Through PCRE verb (*SKIP)(*F)

^hede$(*SKIP)(*F)|^.*$

This would completely skips the line which contains the exact string hede and matches all the remaining lines.

DEMO

Execution of the parts:

Let us consider the above regex by splitting it into two parts.

1. Part before the | symbol. Part shouldn't be matched.

   ^hede$(*SKIP)(*F)
   

2. Part after the | symbol. Part should be matched.

   ^.*$
   

PART 1

Regex engine will start its execution from the first part.

^hede$(*SKIP)(*F)

Explanation:

• ^ Asserts that we are at the start.
• hede Matches the string hede
• $ Asserts that we are at the line end.

So the line which contains the string hede would be matched. Once the regex engine sees the following (*SKIP)(*F) (Note: You could write (*F) as (*FAIL)) verb, it skips and make the match to fail. | called alteration or logical OR operator added next to the PCRE verb which inturn matches all the boundaries exists between each and every character on all the lines except the line contains the exact string hede. See the demo here. That is, it tries to match the characters from the remaining string. Now the regex in the second part would be executed.

PART 2

^.*$

Explanation:

• ^ Asserts that we are at the start. ie, it matches all the line starts except the one in the hede line. See the demo here.
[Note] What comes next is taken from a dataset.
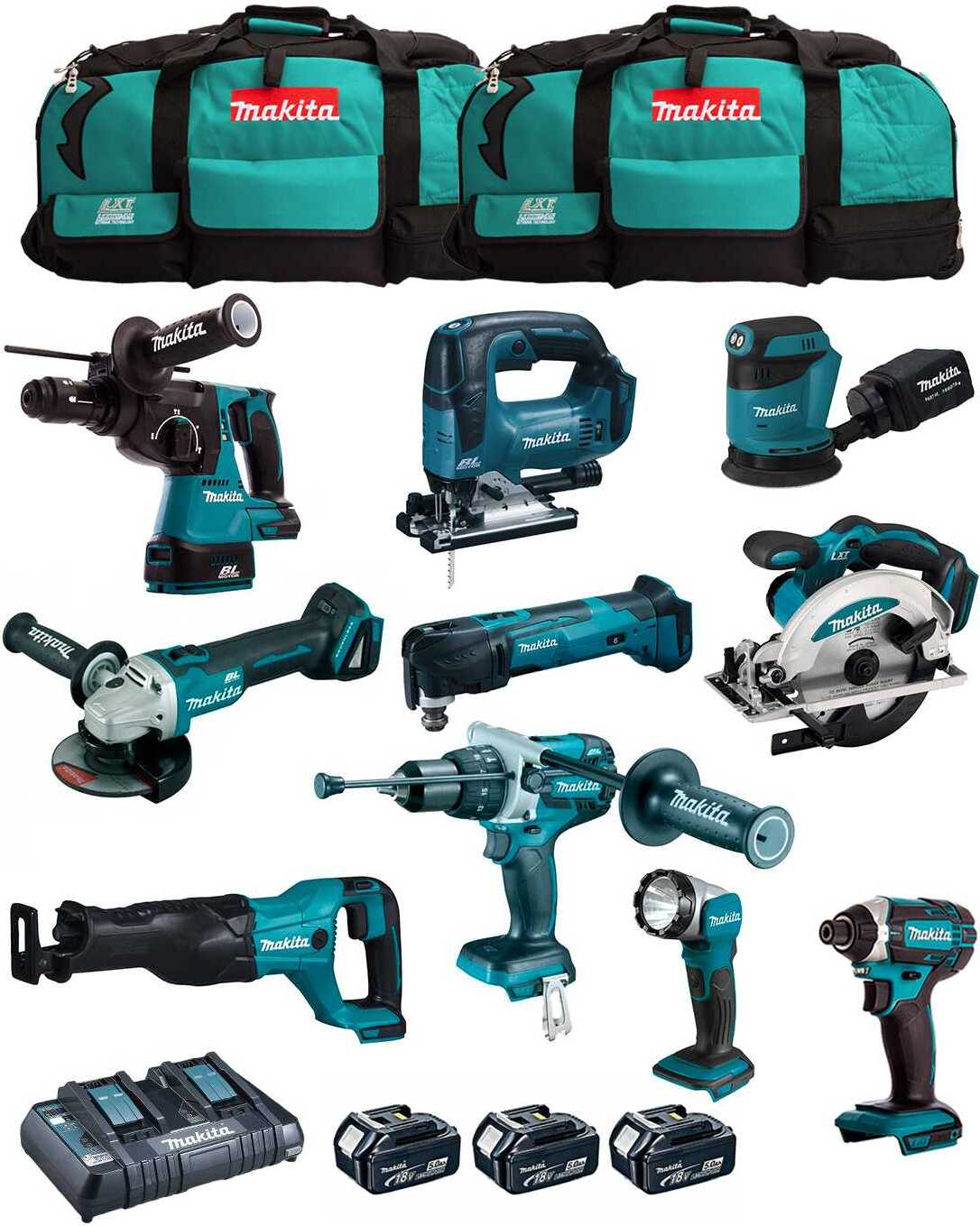 MAKITA Kit MK1003 (DHP482+ DTD152+ DHR171+ DGA452+ DJR183+ DBO180+ DJV180+ DSS610+ DML815+ DKP180+ 3x30Ah + DC18RD+ 2xLXT600)

• .* In the Multiline mode, . would match any character except newline or carriage return characters. And * would repeat the previous character zero or more times. So .* would match the whole line. See the demo here.

  Hey why you added .* instead of .+ ?

  Because .* would match a blank line but .+ won't match a blank. We want to match all the lines except hede , there may be a possibility of blank lines also in the input . so you must use .* instead of .+ . .+ would repeat the previous character one or more times. See .* matches a blank line here.

• $ End of the line anchor is not necessary here.

Answer 30

Here's how I'd do it:

^[^h]*(h(?!ede)[^h]*)*$

Accurate and more efficient than the other answers. It implements Friedl's "unrolling-the-loop" efficiency technique and requires much less backtracking.